Partant des apports de la psychologie cognitive, Guichard suggère une redéfinition du concept sociologique de « formes identitaires » proposé par Dubar. Il en précise les modes de structuration interne caractérisés par des structures cognitives, schémas, scripts, représentations mentales, cadres qui permettent de « percevoir » immédiatement un objet, de « lire » une situation et de s’y comporter d’une manière sensée pour soi-même et pour autrui. (Guichard, 2004b, p. 6). Les « formes identitaires » représentent donc une vision d’autrui ou de soi-même ou une construction de soi selon la structure d’un cadre identitaire déterminé (Guichard, 2004b, p. 8). Elles correspondent à un ensemble d’actions et d’interactions qui renvoient à des savoirs, des savoir-faire et des savoir-être. Ce sont également des modes de rapports aux « objets » du contexte, à soi-même, aux autres et aux anticipations futures de soi. Guichard distingue dans ces formes identitaires, les « formes identitaires subjectives » et les « formes identitaires subjectives anticipées ».

Les formes identitaires subjectives

La subjectivité telle qu’elle est présentée dans ce modèle se réfère au concept de

« subjectivation » de Foucault. Elle désigne les modes de rapports à soi qui déterminent la manière dont l’individu se construit en fonction des contextes, des circonstances mais aussi dans son rapport à autrui. La subjectivité est donc faite de facteurs et processus intra-interindividuels, collectifs et sociaux (Guichard, 2004b, p.2). Elle prend différentes formes en fonction des contextes : « Le sujet n’est pas une substance. C’est une forme, et cette forme n’est pas partout ni toujours identique à elle-même […] Il y a sans doute des rapports et des interférences entre ces différentes formes du sujet, mais on n’est pas en présence du même type de sujet. Dans chaque cas, on joue, on établit à soi-même des formes de rapport différentes » (Foucault cité par Guichard, 2004b, p. 6)

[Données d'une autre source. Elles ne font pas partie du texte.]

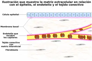 ![]() Ilustración que muestra la matriz extracelular (membrana basal y la matriz intersticial) en relación con epitelio, endotelio y tejido conectivo | ||
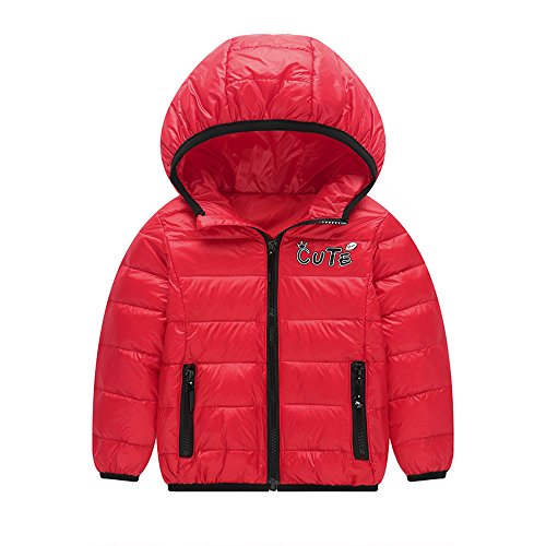POTOJP 保暖 防寒 ダウンジャケット キッズ 男女兼用 軽いダウンコート 子供服 長袖上着 フード付き アウター ジャケット 通学 普段用 綿服 (130, RD)
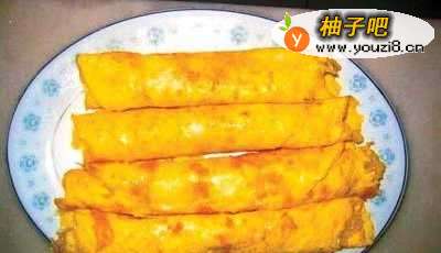 让后将蛋饼上铺上虾泥,卷成卷状,蒸20min左右

Les « formes identitaires subjectives » (FIS) renvoient à un ensemble de manières d’être, d’agir et d’interagir en lien avec une certaine représentation de soi dans un certain contexte (Guichard, 2007). Dans ce sens, les formes identitaires qui caractérisent un individu à un

moment précis sont celles qui constituent son présent, celles qui sont passées mais continuent toujours à marquer le présent et celles qui correspondent à certaines anticipations de soi. Cette représentation/perception de soi est marquée par un processus de différenciation, d’affirmation de son individualité et de son unicité : « la construction de soi dans une forme identitaire subjective conduit, selon toute vraisemblance, l’individu à assigner certaines valeurs par défaut particulières aux attributs du cadre sous-jacent » (Guichard, 2004b, p. 8).

Les formes identitaires subjectives anticipées

Guichard (2004b) précise par ailleurs que certaines de ces FIS se rapportent aux contextes dans lesquels l’individu interagit et dialogue à un moment donné de son existence, d’autres renvoient à des anticipations ou à des imaginations de soi dans le futur, d’autres enfin à des expériences passées qui ont durablement marqué la personne. Les formes identitaires subjectives renvoyant à des anticipations ou à des imaginations de soi dans une position sociale future, notamment, un concept de soi professionnel possible et souhaitable sont désignées : « formes identitaires subjectives anticipées » (FISPA), e.g. moi en tant que chimiste, biologiste ou sociologue, etc.

Dans le fonctionnement de ce système, certaines formes identitaires peuvent occuper une place centrale par rapport à d’autres. Elles sont également susceptibles de varier selon les contextes. Guichard utilise le terme de vicariance pour exprimer la possibilité de substitution d’un FIS à un autre en fonction du contexte. Les formes identitaires sont donc vicariantes mais elles fonctionnent sur la base d’un système subjectif unifié.